Acompanhados pelo provedor Romeu Santos, pela diretora técnica Andreia Fonseca e pela enfermeira Maria Rodrigues, os participantes tiveram oportunidade de visitar alguns dos mais icónicos locais de Paris, como a Torre Eiffel, a Basílica do Sacré-Cœur, o bairro de Montmartre e o Palácio de Versalhes, culminando com um cruzeiro no rio Sena. Ao longo desta jornada, estiveram permanentemente acompanhados pelo presidente da Fundação e pela vice-presidente, Marie Morgado, num gesto que evidencia proximidade, compromisso e uma liderança ativa e humanizada.
A iniciativa contou ainda com a participação de diversos membros da comunidade luso-francesa, destacando-se o envolvimento de voluntários da associação Soleils de Paris, presidida pela lusodescendente Eleonor Patrício, que tem desenvolvido um meritório trabalho junto de populações vulneráveis na capital francesa. Este encontro intergeracional constituiu um momento de elevado valor simbólico, evidenciando o papel fundamental dos lusodescendentes na preservação e transmissão de valores culturais, onde os mais idosos assumem um papel insubstituível.

A experiência vivida por estes quatro seniores representa, assim, muito mais do que uma viagem: constitui a materialização de um compromisso ético e social que dignifica a diáspora portuguesa. Ao promover o envelhecimento ativo e saudável — um imperativo crescente nas sociedades contemporâneas —, a Fundação Nova Era Jean Pina afirma-se como um exemplo paradigmático da capacidade transformadora das comunidades portuguesas no mundo.

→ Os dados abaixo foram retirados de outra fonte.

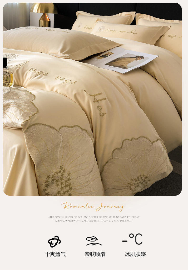 当前位置: 91家纺网 > 商品网购 > 床品套件 > 四件套 > 水洗真丝四件套 > 你好美丽 2025新款水洗真丝刺绣绮梦四件套 绮梦黄
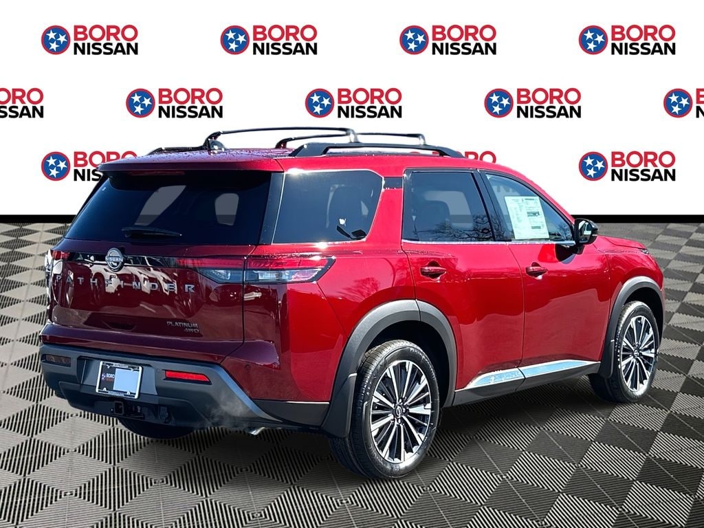 Scarlet Ember Tintcoat 2026 Nissan Pathfinder Platinum 4WD 9-Speed Automatic 3.5L V6 DOHC CAPTAINS CHAIRS, APPLE ANDRIOD CAR PLAY, REAR BACKUP CAMERA, BLUETOOTH, 4WD, 13 Speakers, 2nd-Row Captain Chairs, 2nd-Row Removable Centre Console, 3rd row seats: bench, 4-Piece Black Splash Guards, 4-Wheel Disc Brakes, ABS brakes, Air Conditioning, Alloy wheels, AM/FM radio: SiriusXM w/360L, Auto High-beam Headlights, Auto tilt-away steering wheel, Auto-dimming Rear-View mirror, Automatic temperature control, Bodyside moldings, Bose Premium Audio System, Brake assist, Bumpers: body-color, Captain's Chairs Carpeted Floor Mats, Cargo Area Protector, Cargo Net, Cargo Package, Climate Controlled Front Bucket Seats, Cross Bars, Delay-off headlights, Driver door bin, Driver vanity mirror, Dual front impact airbags, Dual front side impact airbags, Electronic Stability Control, Emergency communication system: NissanConnect Services, First Aid, Four wheel independent suspension, Front anti-roll bar, Front Bucket Seats, Front Center Armrest, Front dual zone A/C, Front reading lights, Fully automatic headlights, Garage door transmitter: HomeLink, Heads-Up Display, Heated door mirrors, Heated front seats, Heated rear seats, Heated steering wheel, Illuminated entry, Knee airbag, Low tire pressure warning, Memory seat, Navigation system: NissanConnect with Navigation and Services, NissanConnect featuring Apple CarPlay and Android Auto, Occupant sensing airbag, Outside temperature display, Overhead airbag, Overhead console, Panic alarm, Passenger door bin, Passenger vanity mirror, Platinum Captain Chairs Package, Power door mirrors, Power driver seat, Power Liftgate, Power moonroof, Power passenger seat, Power steering, Power windows, Premium Paint, Radio data system, Radio: AM/FM Audio System with NissanConnect, Rain sensing wipers, Rear air conditioning, Rear anti-roll bar, Rear reading lights, Rear seat center armrest, Rear side impact airbag, Rear window defroster, Rear window wiper, Reclining 3rd row seat, Remote keyless entry, Security system, Semi-Aniline Leather-Appointed Seating Surfaces, Speed control, Speed-sensing steering, Speed-Sensitive Wipers, Split folding rear seat, Spoiler, Steering wheel memory, Steering wheel mounted audio controls, Tachometer, Telescoping steering wheel, Tilt steering wheel, Traction control, Trip computer, Turn signal indicator mirrors, Variably intermittent wipers, Ventilated front seats, Wheels: 20" Machined Alloy, SUNROOF, THIRD ROW, LEATHER, NAVIGATION, ALLOY WHEELS, 4WD.
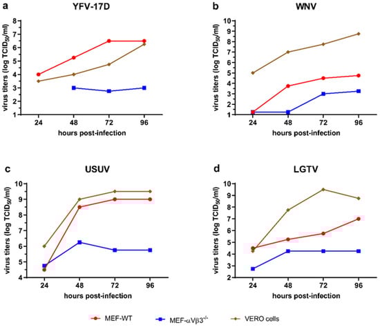 Replication kinetics of (a) YFV-17D, (b) WNV, (c) USUV and (d) LGTV in MEF-WT, MEF-αVβ3−/− and Vero 76 cells. Cells were inoculated with these flaviviruses at a MOI of 0.1 and supernatants were harvested at 24, 48, 72 and 96 h post inoculation. Values represent virus titers determined by TCID50 in Vero 76 cells over a period of 4 days post-infection.

Num tempo marcado por desafios sociais complexos, iniciativas desta natureza demonstram que a diáspora não é apenas memória ou identidade: é também ação, responsabilidade e solidariedade concreta. E, neste domínio, o trabalho desenvolvido pela Fundação Nova Era Jean Pina, sob a liderança do seu presidente, constitui um testemunho maior do que de melhor Portugal projeta além-fronteiras.